▸ PROBLEM REQUIREMENTS: For the listing below, the answer is an exact retyping of the lines from the one with "CD Twilly Mini" through the one with "Göçeri - Selki", both included, without pictures.

#### LISTED RECORDS

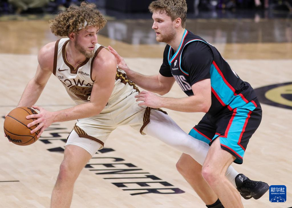 2月9日,勇士队球员波辛斯基(左)在比赛中进攻。
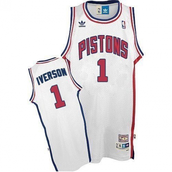 Men's Adidas Detroit Pistons #1 Allen Iverson Swingman White Throwback NBA Jersey
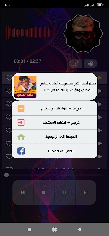 • يمكنك إستماع الأغاني في الخلفية وإستعمال تطبيقاتك الأخرى
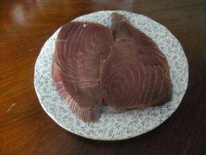 24日火曜日。晴れ、15度だが、風がある。強風で、風邪を引いている私には辛い。 しかし、つい市に出かけてしまった。と言うのも、お金をかけないためにも、少しづつバルコニー用の花を買うことにしたから。 市(メルカート)で、まず、魚屋に行きます。ここは新鮮で有名な為、早く行かないと、いい魚に逃げられるから... マグロ、イタリアでは、寿司用の新鮮なマグロ=高いと、煮物用=あまり色がよくない。があります。これは、新鮮だが、色ではイマイチ生で食べようとは思わない。 先週から、spezzatino di tonnoを食べたかったが、先週は、このマグロが見つからなかった。野菜屋で、カルチョーフィを買う。今が旬! 花も買ったが、風が強いので、バルコニーに置きっぱなし。 今日は、風邪を引きとても辛い日だった。はっきり言って、今日はスーパーには行きたくなかったが、どうしても無塩バターがなく、娘のおやつない攻撃に負けて、行った。 昼食後、ガトー・チョコラを作った。 娘を迎えに行くと、友達の家に遊びに行くと言う。今週日本人学校がなく、宿題もたいしてないので、OKする。よって、おやつ用にお菓子を作ったのに、あまり意味がなかった? 家で、姪へのジャンパースカートを縫う、夕食用に、トマトを茹でて、皮をむきさいの目にきっておく。それから、娘を迎えに、友達の家に行く。 その後、近所のお店に顔を出したのが、間違い。挨拶のつもりが、1時間もいてしまう。よって、家に帰ってきたのは、19時45分。 夕飯は、spezzatino di tonno,マグロのぶち切り煮込み。先週からしたかった料理。肉料理で、よくぶち切り煮込みをします。 にんにく、玉ねぎのみじん切り、ペペロンチーノ、アンチョービを入れて、オリーブ・オイルで炒める。その後、マグロを入れて、全体に焼き目が付いてきたら、白ワインを入れて、ケッパー。黒オリーブ(リグリア地方のタジャスケがいい。)蒸す。その後、皮を向いて、果肉の部分をさいの目,切りにしたトマトを入れ、煮込む。途中、トマト・ピューレを入れて、色を付けるのもいい。 西洋パセリを添えて、出来上がり カルチョーフィのワイン蒸し炒め。これが市場の美味しい食べ方だと思う。
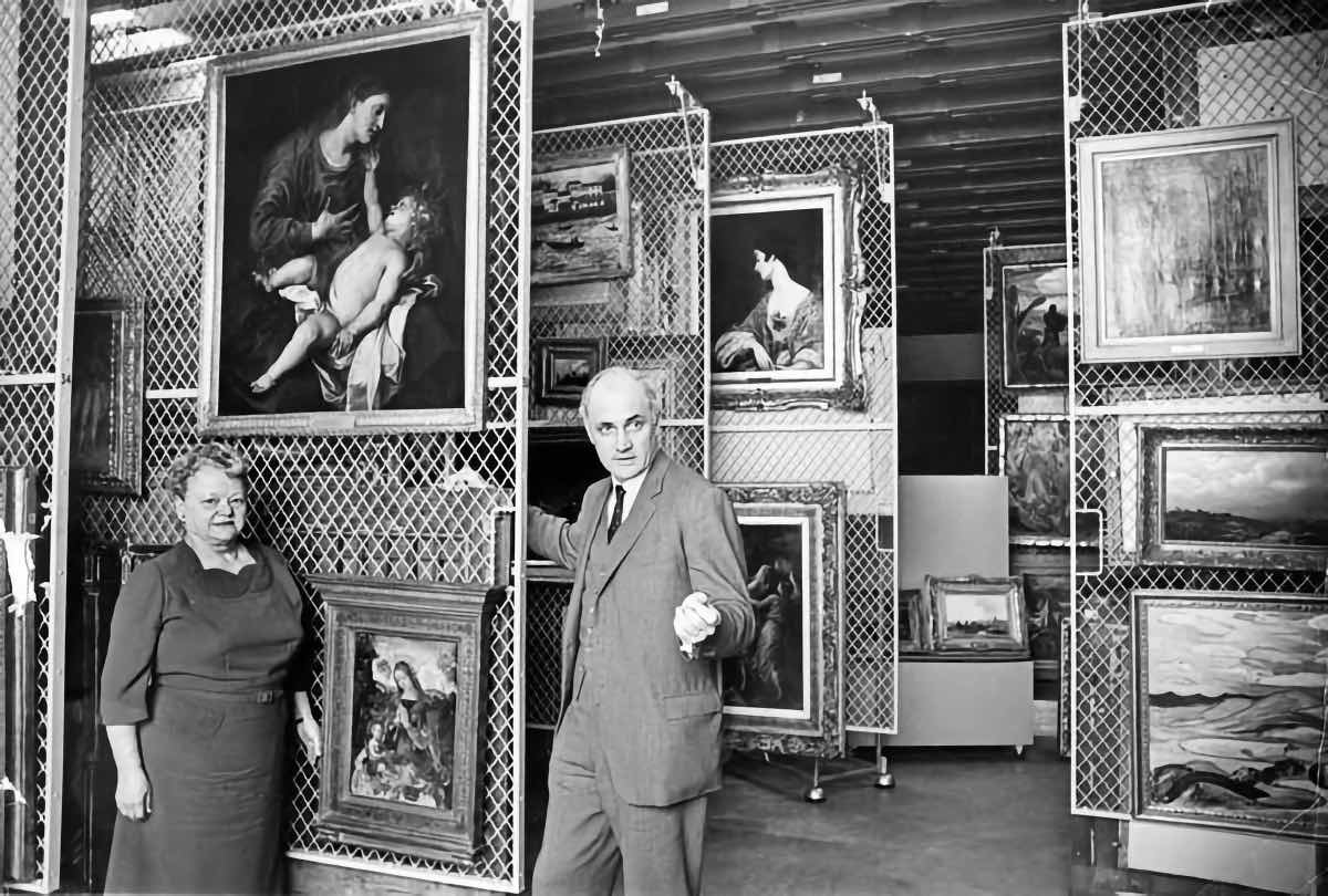 Emery May Holden Norweb (left), president of the Cleveland Museum of Art, and Sherman Lee, CMA's third director, examine some of the paintings in the museum's collection. Norweb became the first woman president of CMA in 1962. Lee served as CMA's director from 1958 to 1983 and was noted for his significant expansion of its Asian art collection. | Creator: Frank Reed | Date: January 24, 1966 | Source: Cleveland Memory, Michael Schwartz Library Special Collections at Cleveland State UniversityDownload Original File
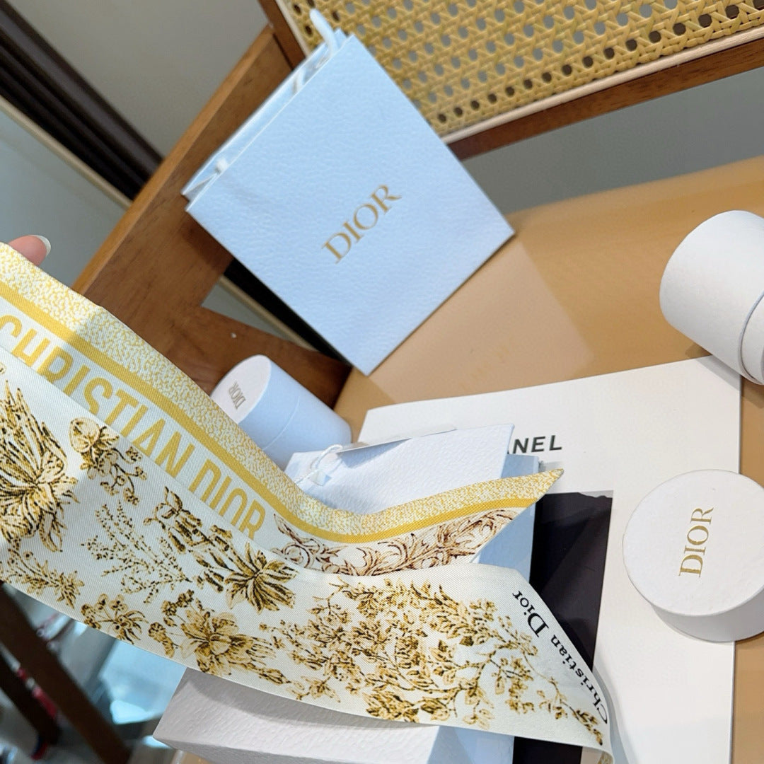 CD Twilly Mini Scarf 105cm Yellow Colorful Mulberry Silk 941921
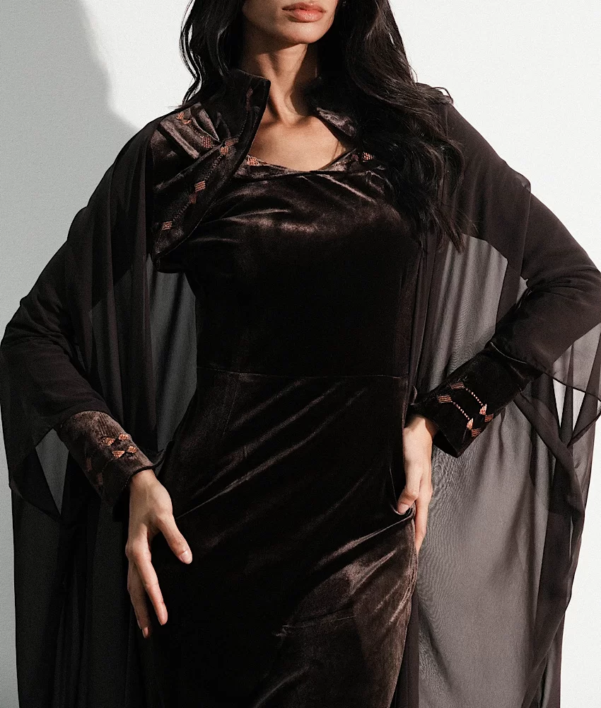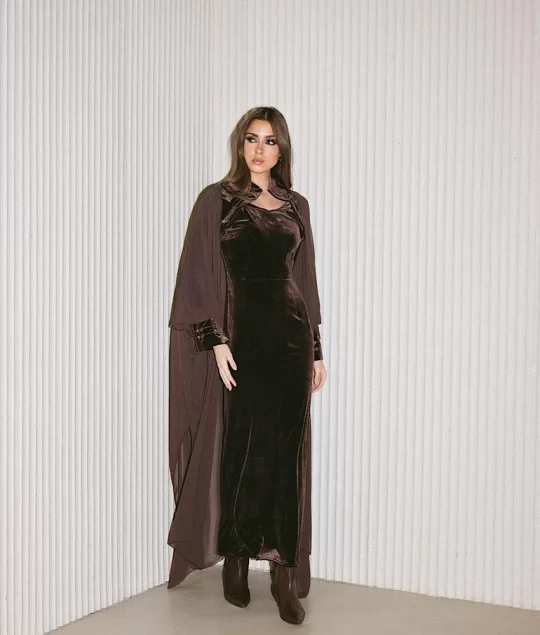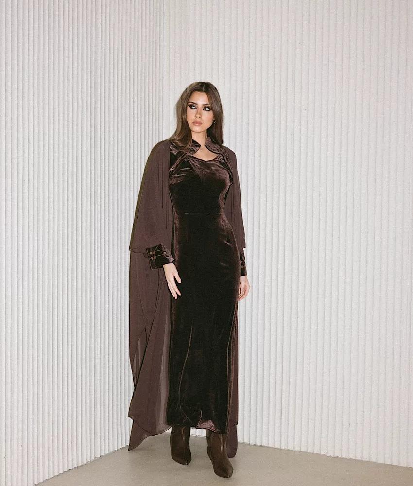 A brown velvet dress paired with a matching bisht, detailed with light brown embroidery.
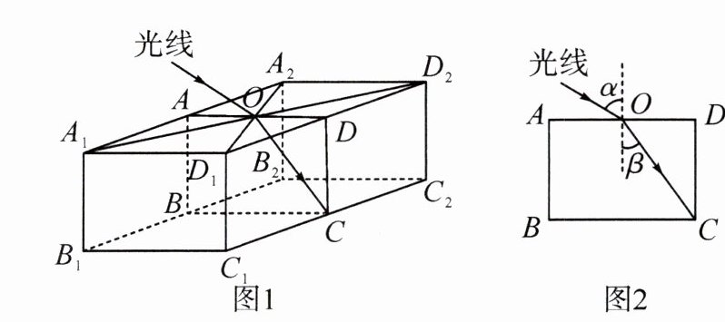 (2)现有一块与(1)中折射率相同的长方体介质,如图1所示,点A,B,C,D分别是长方体棱的中点.若光线经真空从矩形A₁D₁D₂A₂对角线交点O处射入,其折射光线恰好从点C处射出,其平面示意图如图2所示.已知α = 60°,CD = 10 cm,求截面ABCD的面积.
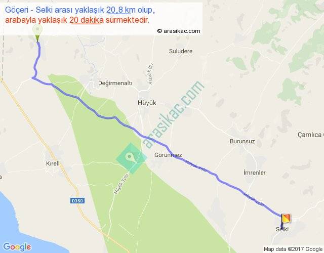 Göçeri - Selki arası yaklaşık olarak 90 km/h ile yukarıda belirtilen sürede olup, iki yerin kuş uçuşu uzaklığı (mesafesi) 18'dir. Yolculuk otobüsle 26 dakika sürmektedir.
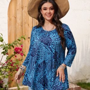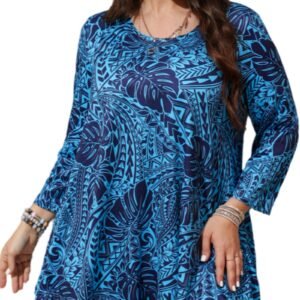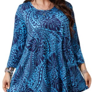 Women’s Tops 3/4 Sleeve Plus Size Tunic Tops to Wear with Leggings Swing Flare T-Shirt Loose Fit Ladies Blouses
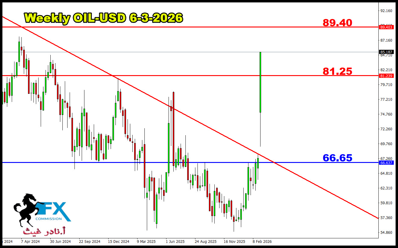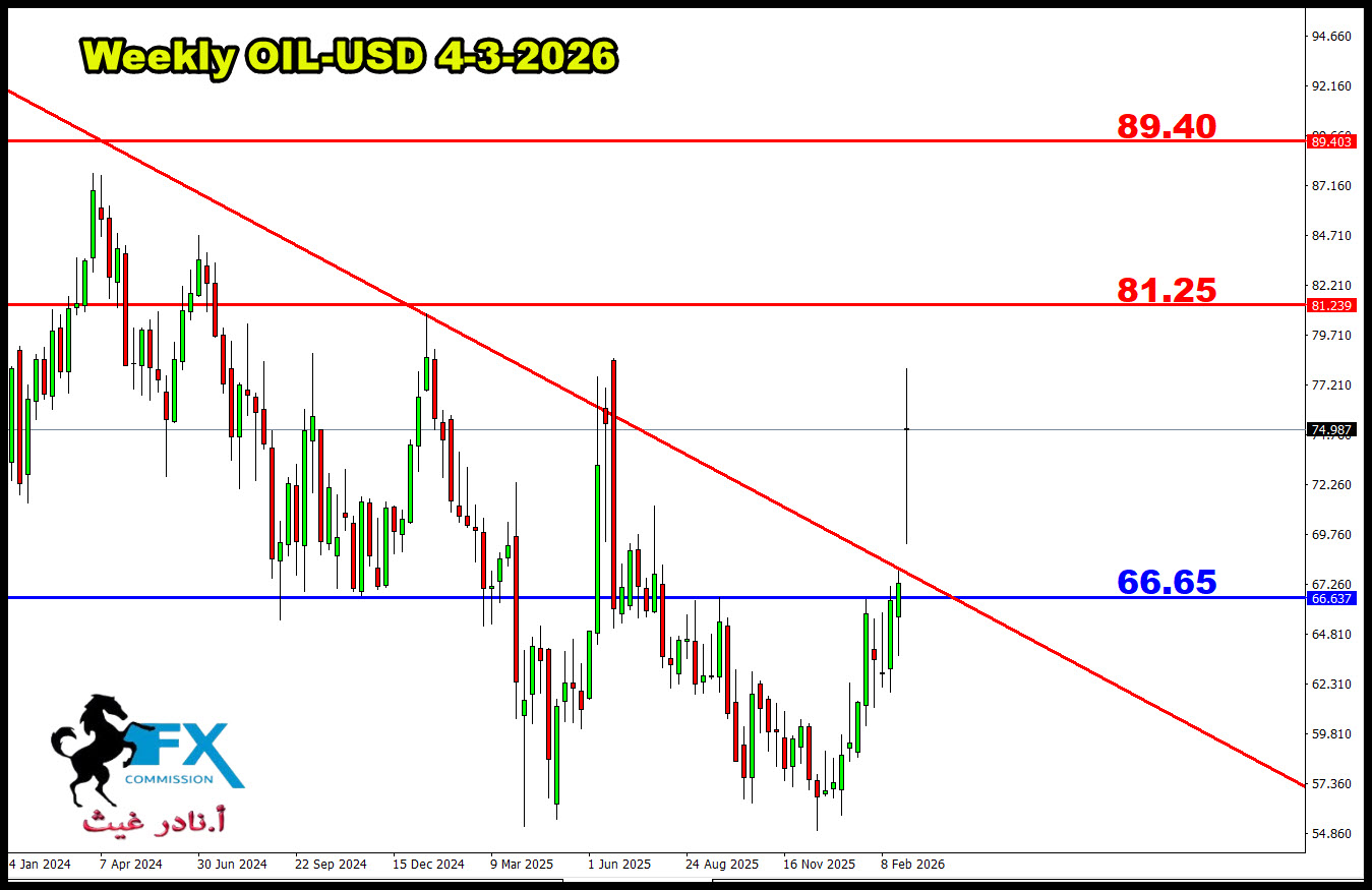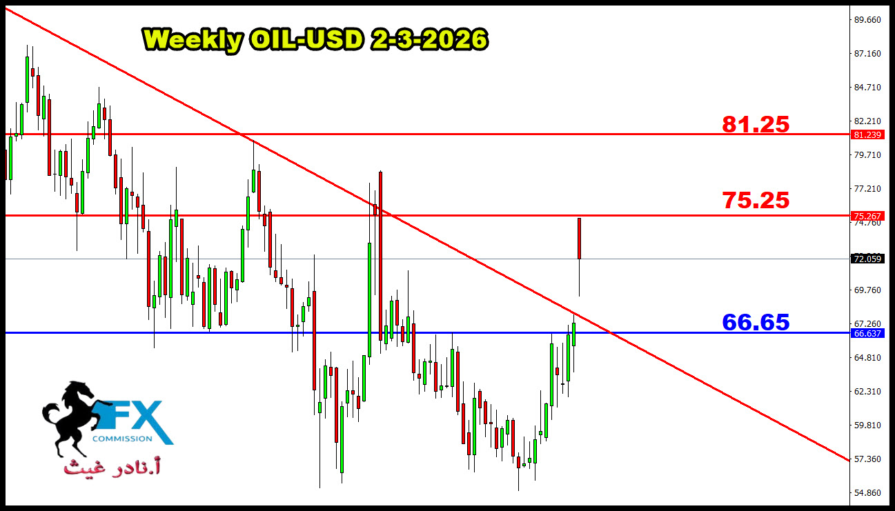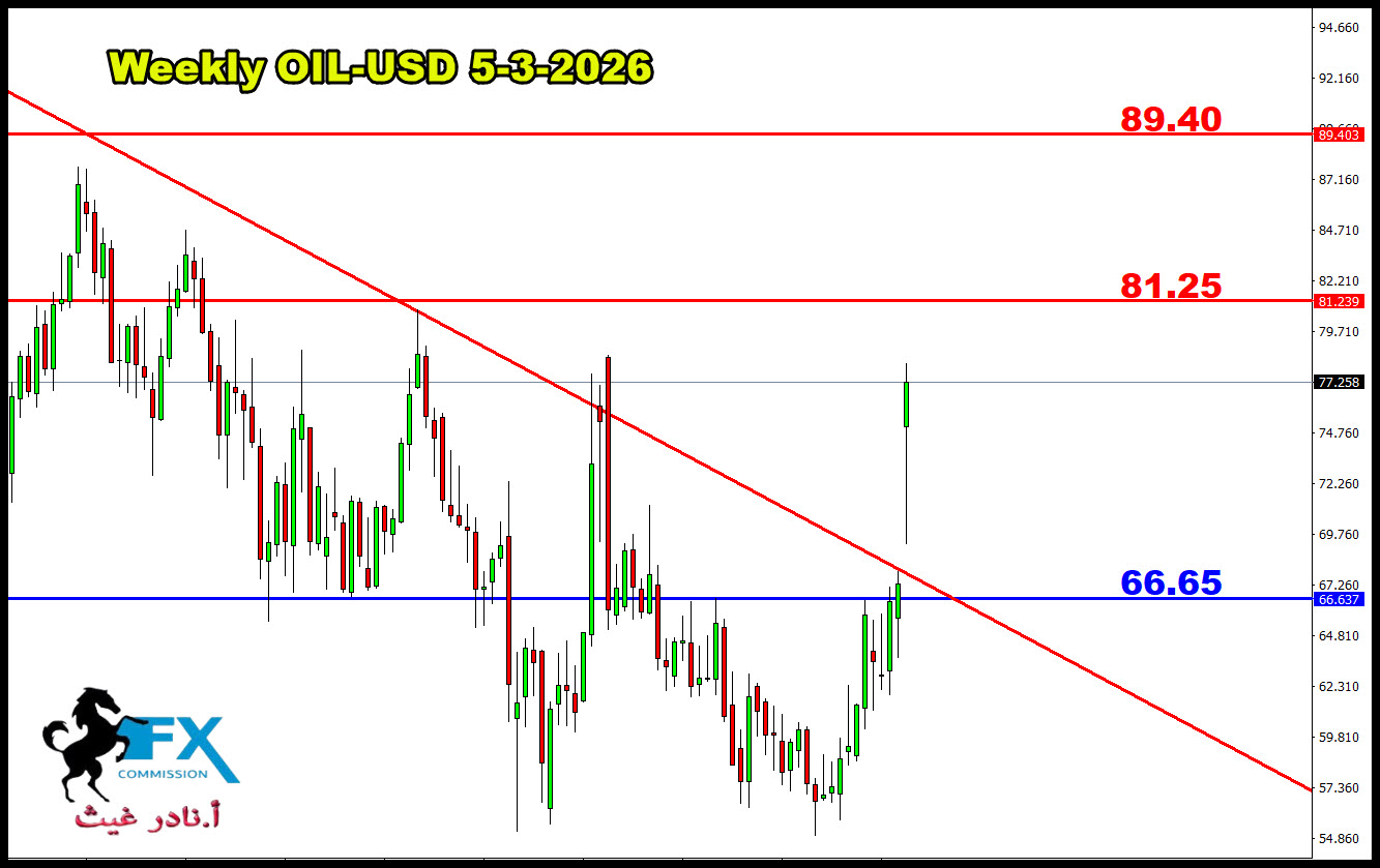 5-3-2026 OIL/USD النفط يتلقى الدعم ولا زال لا يستطيع التراجع حتى الان في ظل استمرار اغلاق مضيق هرمز وتصاعد الحرب بالشرق الأوسط، لذلك تقنياً على فريم الويكلي لا زال مرجح لصعود اعلى نحو 81 دولار للبرميل كاش، وحتى مستويات 89 دولار غير مستبعد للأيام المقبلة اذا استمرت الحرب ولم يحدث اي وقف لاطلاق النار او هدنه ولا مؤقتة. https://vb.fx-arabia.net/uploaded/1403_11772714198.jpg |
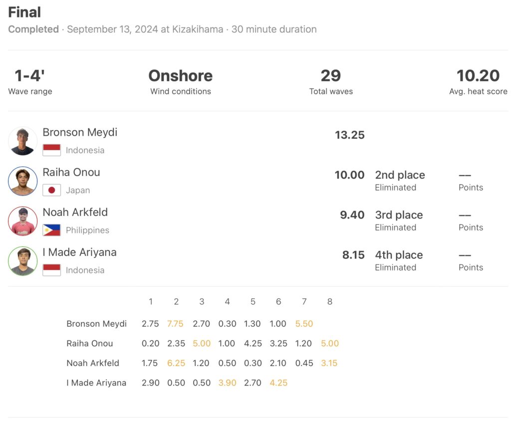 プロジュニアMENSで優勝を果たしたのは、ずば抜けた才能を持つサーファーとして世界中の注目を浴びるインドネシア出身のBronson Maydi。序盤に掴んだ波でソリッドなリップからの崩れ落ちてくるリップセクションに対して縦抜きのテールハイ・エアリバースという意味不明のコンビネーションを決めて7.75ptを叩き出し、会場を興奮の坩堝に陥れたまま、小濃来波、フィリピンのエアリストNoah Arkfeld、インドネシアのI Made Ariyanaに付け入る隙を与えず優勝をさらった。Bronson Maydi.
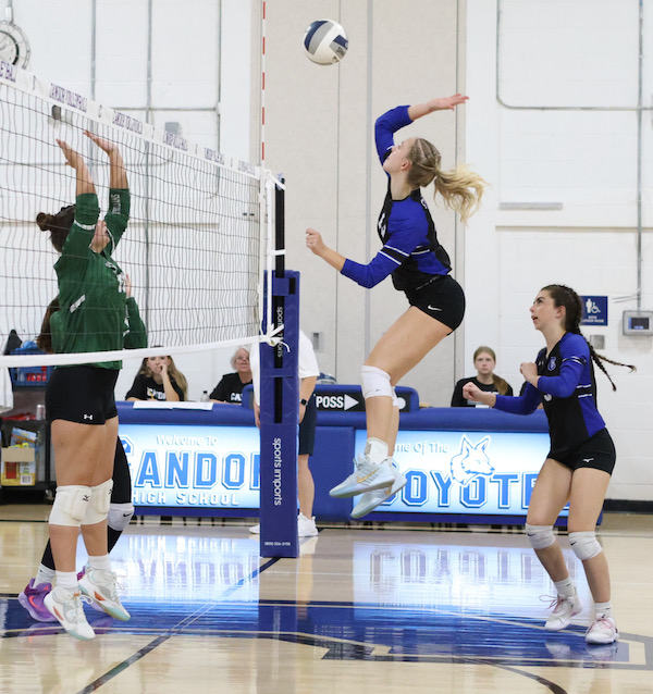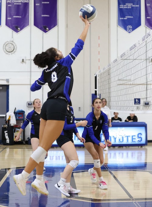 Jill Teribury had eight points (two aces) and two digs for the Coyotes, while Valeria Polanco-Gil had eight points (two aces), Ava Fernando registered three kills and one block, and Nora Young,
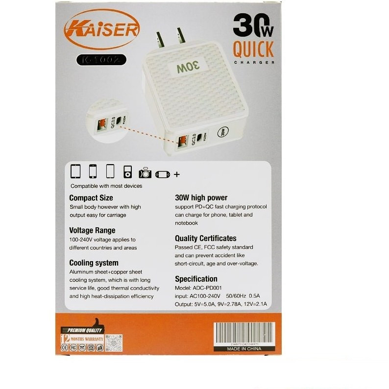 شارژر دیواری 30 وات 2 پورت کایزر مدل K-1002
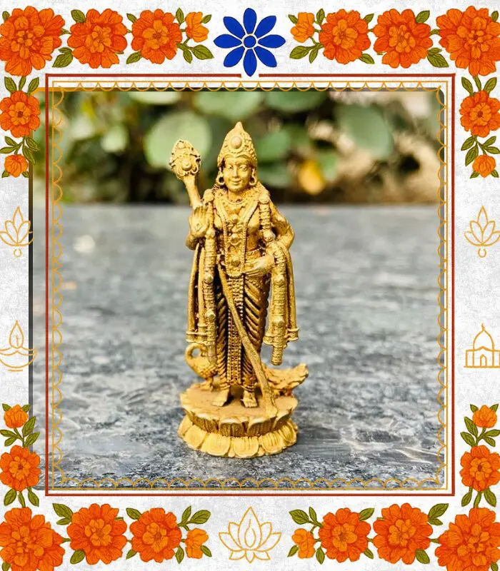 Lord Murugan is the warrior son of Lord Shiva and Goddess Parvati. He is revered as the symbol of courage and victory over negative energies. By placing this handcrafted brass Divine idol, you can invite positivity and prosperity into your space. Keeping the compact yet powerful brass Superfine Murti at your home, Temple, sacred corner, or office desk will bring along positive energies and divine presence.

########

▸ WRITTEN SOLUTION:
 CD Twilly Mini Scarf 105cm Yellow Colorful Mulberry Silk 941921
 A brown velvet dress paired with a matching bisht, detailed with light brown embroidery.
 (2)现有一块与(1)中折射率相同的长方体介质,如图1所示,点A,B,C,D分别是长方体棱的中点.若光线经真空从矩形A₁D₁D₂A₂对角线交点O处射入,其折射光线恰好从点C处射出,其平面示意图如图2所示.已知α = 60°,CD = 10 cm,求截面ABCD的面积.
 Göçeri - Selki arası yaklaşık olarak 90 km/h ile yukarıda belirtilen sürede olup, iki yerin kuş uçuşu uzaklığı (mesafesi) 18'dir. Yolculuk otobüsle 26 dakika sürmektedir.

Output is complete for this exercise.